My father worked in the railways so I used to see them. It was you know, just like I have a house here, and this place like this is the place of work. That’s almost where my father’s place was like that time. My father’s house, quarters built by the railways was at the back, then directly in front like this but a little more distant than here, was where his office was and the rail line was in front like this. So I could see everything. And then we now started seeing first time I saw somebody wearing uniform. I said he was a soldier.

All I was seeing those days- was I would see policemen, people I knew that would hardly wear uniform and carry guns were now called soldiers. Those were Nigerian soldiers.

[In school, the drills to prepare for the war], we didn’t see it as much except. We saw it as fun, that it was like you came out for your physical training in those days. We do regular once in a week or twice in a week. Sometimes, around 11 o’clock or 10:30 in the morning you’ll be called out to do some jumping, play football, that kind of thing. We just saw it as the same thing but we’ll be told later again, that there was trouble. Somewhere.

My father’s elder brother was living in Kano, so he had to come down. When I really got a feel of the war was when we started seeing the jets. You know, it wasn’t like the normal planes we used to know. It was faster and the noise was so much. [If] you just hear it, you will really understand that there was trouble. That was at the initial time. So, somehow, where we were staying then, at some point some of the people up there started coming down our way. This my uncle that I mentioned, almost above my extended family came down to stay with us in our small quarter. It was full like. You had up to five different families, more than five different families living in the same place. And then that’s when it was dawning on us that there was trouble because when you had these families coming to stay with you, you couldn’t cook your own food separately.

So what they did then was to prepare, they will use large drum like this to prepare soup and then when you’re taking this thing you’ll find the water, it is so watery that it’ll be flowing down your arm as you’re eating.

They’ll put a little [vegetables] and put water and then you would get a basin like that and pour soup for all the children. Tens of children. What are we even talking about ten? Thirty, fifty children.

And then we would put this basin here with soup, another one there, and another one and we would sit around and mould eba, garri, mould it and then you hand it over to each person. You put your legs like this, sit around the basin and then dip it into the soup…You’ll just manage it like that.
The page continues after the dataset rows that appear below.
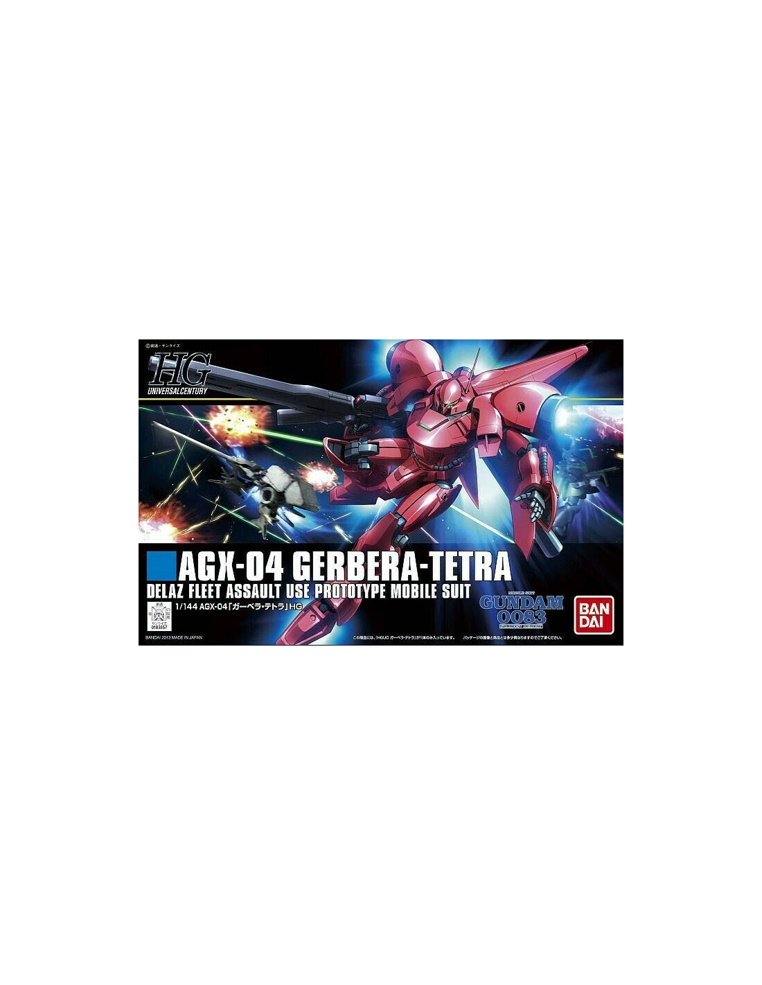 Le Gerbera-Tetra est issu de la série Mobile Suit Gundam 0083: Stardust Memory. Un Gunpla est une Figurine Gundam articulée à assembler. Son système de montage SNAPFIT ne nécessite ni colle, ni peinture. Elle mesure environ 13 cm et est présentée en boite cartonnée.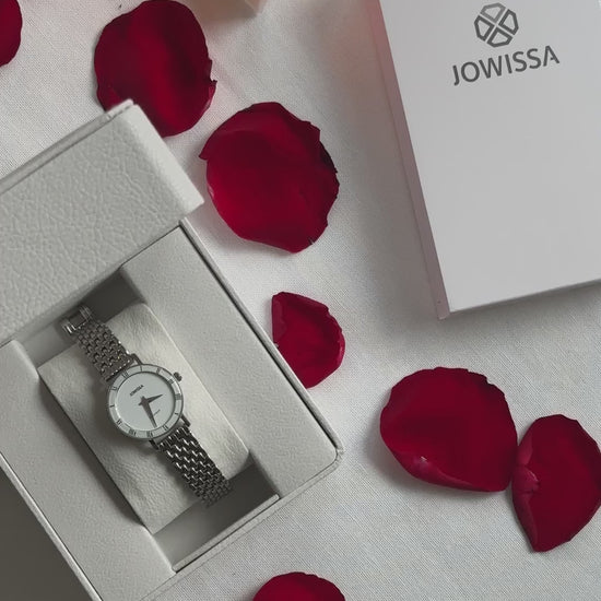 Tämä klassinen kello tuo modernia eleganssia naisten design-kelloihin. Sveitsissä valmistettu ja kauniista Rooman kaupungista inspiraationsa saanut Roma-hopeanaistenkello on varustettu tukevalla, ruostumattomasta teräksestä valmistetulla hopeisella rannekkeella ja klassisilla mustilla roomalaisilla numeroilla, jotka erottuvat silmiinpistävässä valkoisessa 26 mm halkaisijaltaan olevassa kuoressa.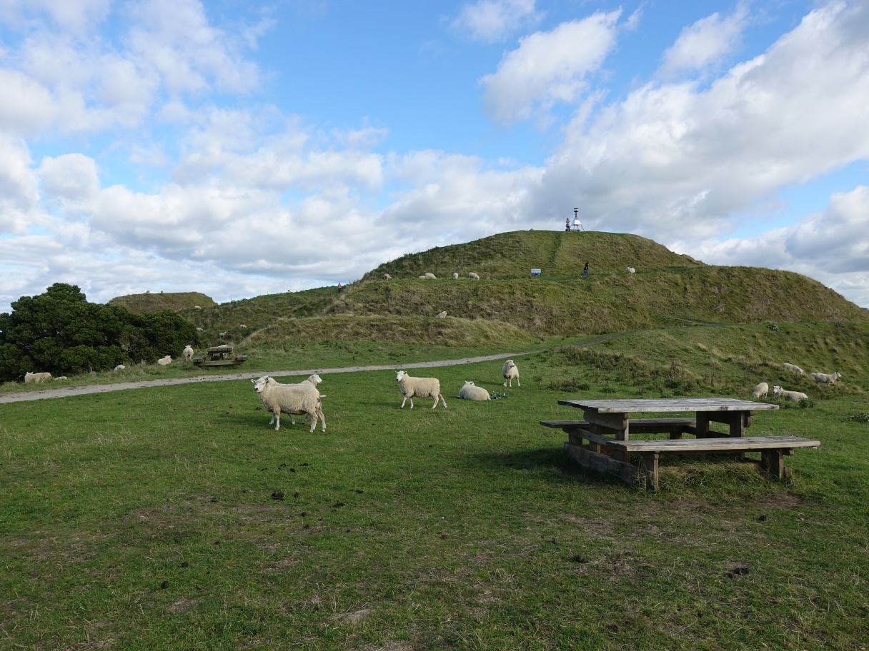 The end of Te Rae o Papamoa Track, with the trig station on the summit clearly visible, and the summit track visible above the foreground sheep.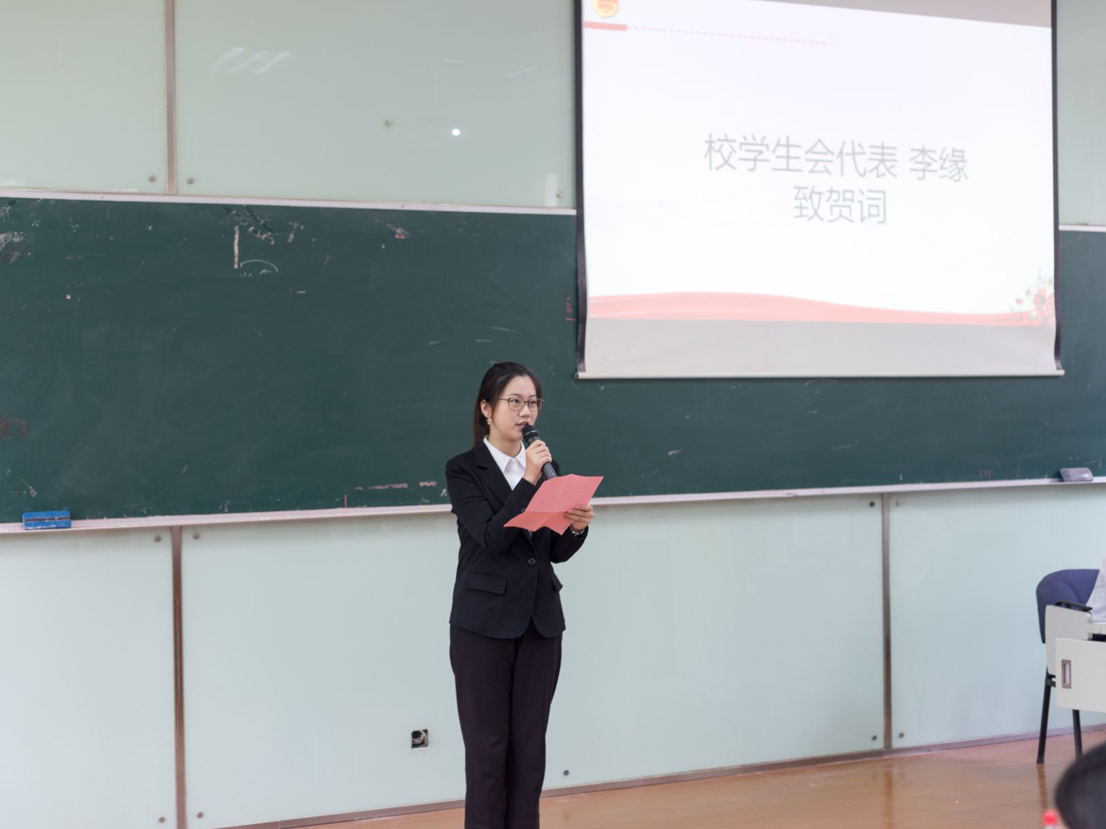 图二:校学生会副主席李缘同学宣读贺信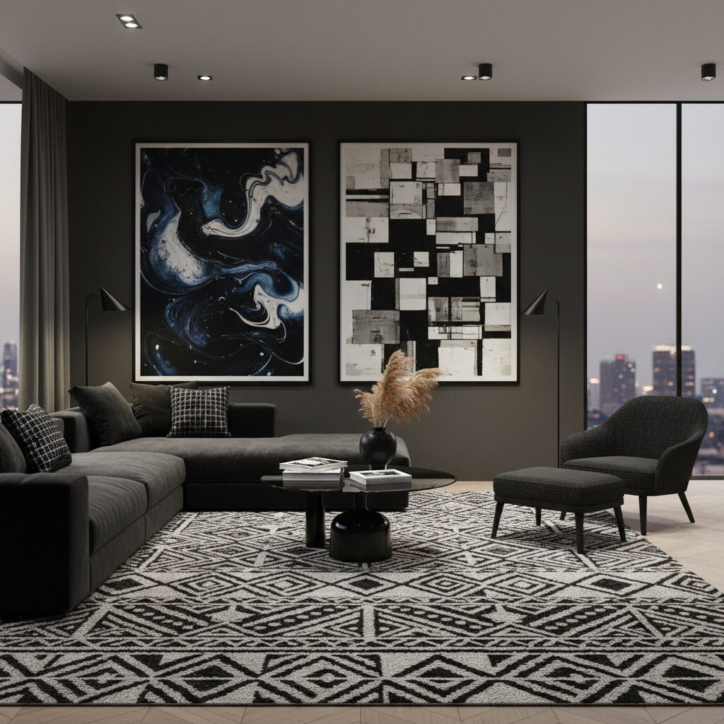 Monochromatic doesn’t have to mean solid colors. Introduce black-and-white patterns through area rugs, throw pillows, or abstract art to keep the eye moving. Geometric patterns can break up the darkness while staying true to the color scheme.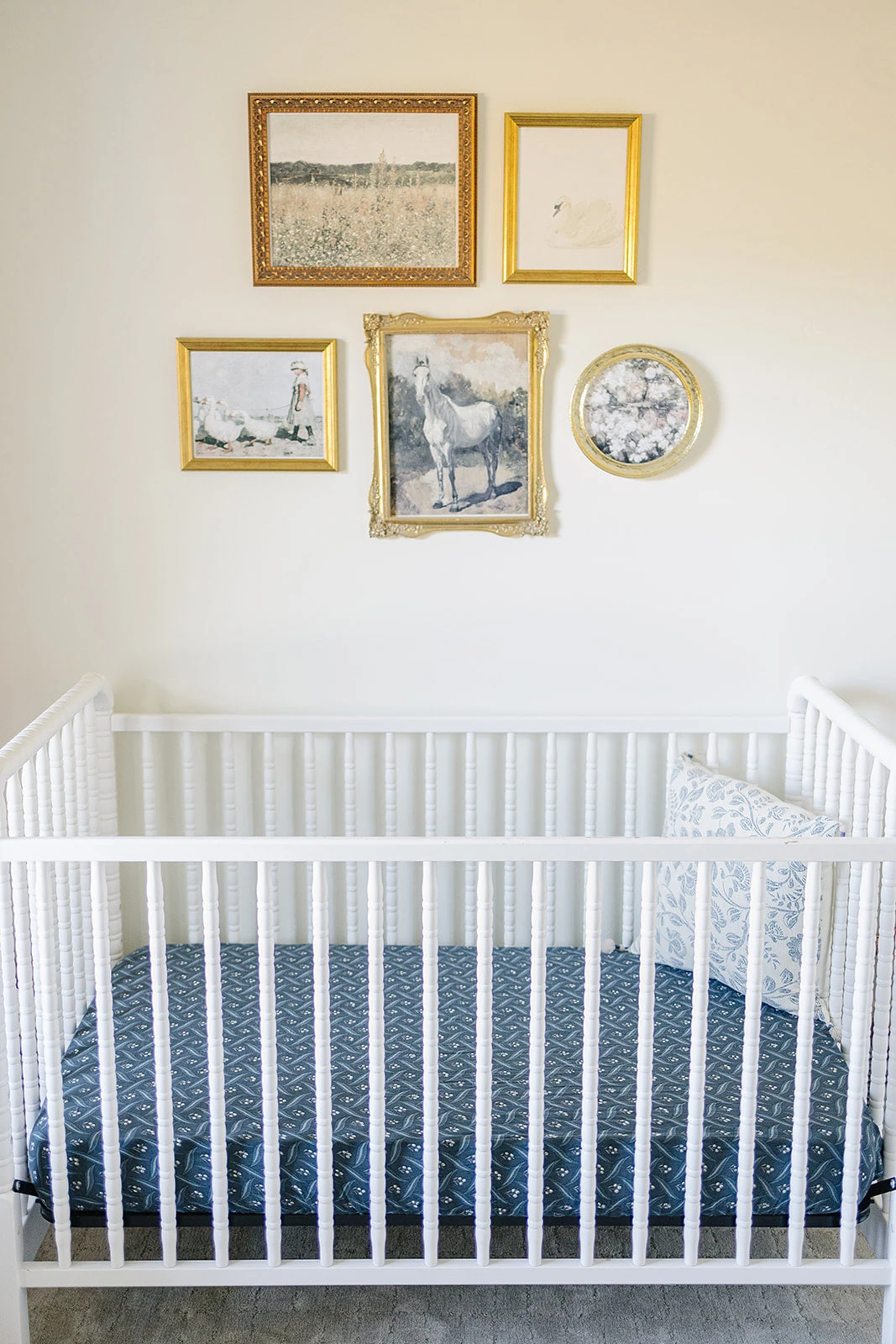 Our Navy Berry Muslin Crib Sheet will transform your baby’s crib into a luxurious sanctuary. Made from our exclusive, breathable muslin fabric, these baby crib sheets feature a delicate, elegant design to elevate the look of the nursery. Not only is it gentle on your baby’s delicate skin, but it’s also conveniently easy to wash and fits perfectly on a standard 52 x 28 inch crib mattress. Give your little one a dreamy bedtime with this enchanting baby crib sheet.

You know the problem of women, at some point the woman in the house will begin to worry about her children.

I wouldn’t say I saw death physically [during the war], but I knew there was much trouble. I knew there were a lot of deaths. My mother saw a lot of it..There was this case called Afipko road. It is in present Ebonyi state.

It’s just a railway station. There is this road going to Okigwe, there’s another one going to Afikpo, and then those places don’t have railway lines. Of course there was air strip, you know Uli, near Okigwe, and then the Biafran people were using it as a space in a kind of a road for whatever they’re bringing in from outside. That was also the platform used to bring food for people, the Biafran people, who were dying.

So the A-strip was not far from Afikpo. So when they are dropping the bombs, you will hear it. When they pass like this, when they drop the bombs, they shook the ground.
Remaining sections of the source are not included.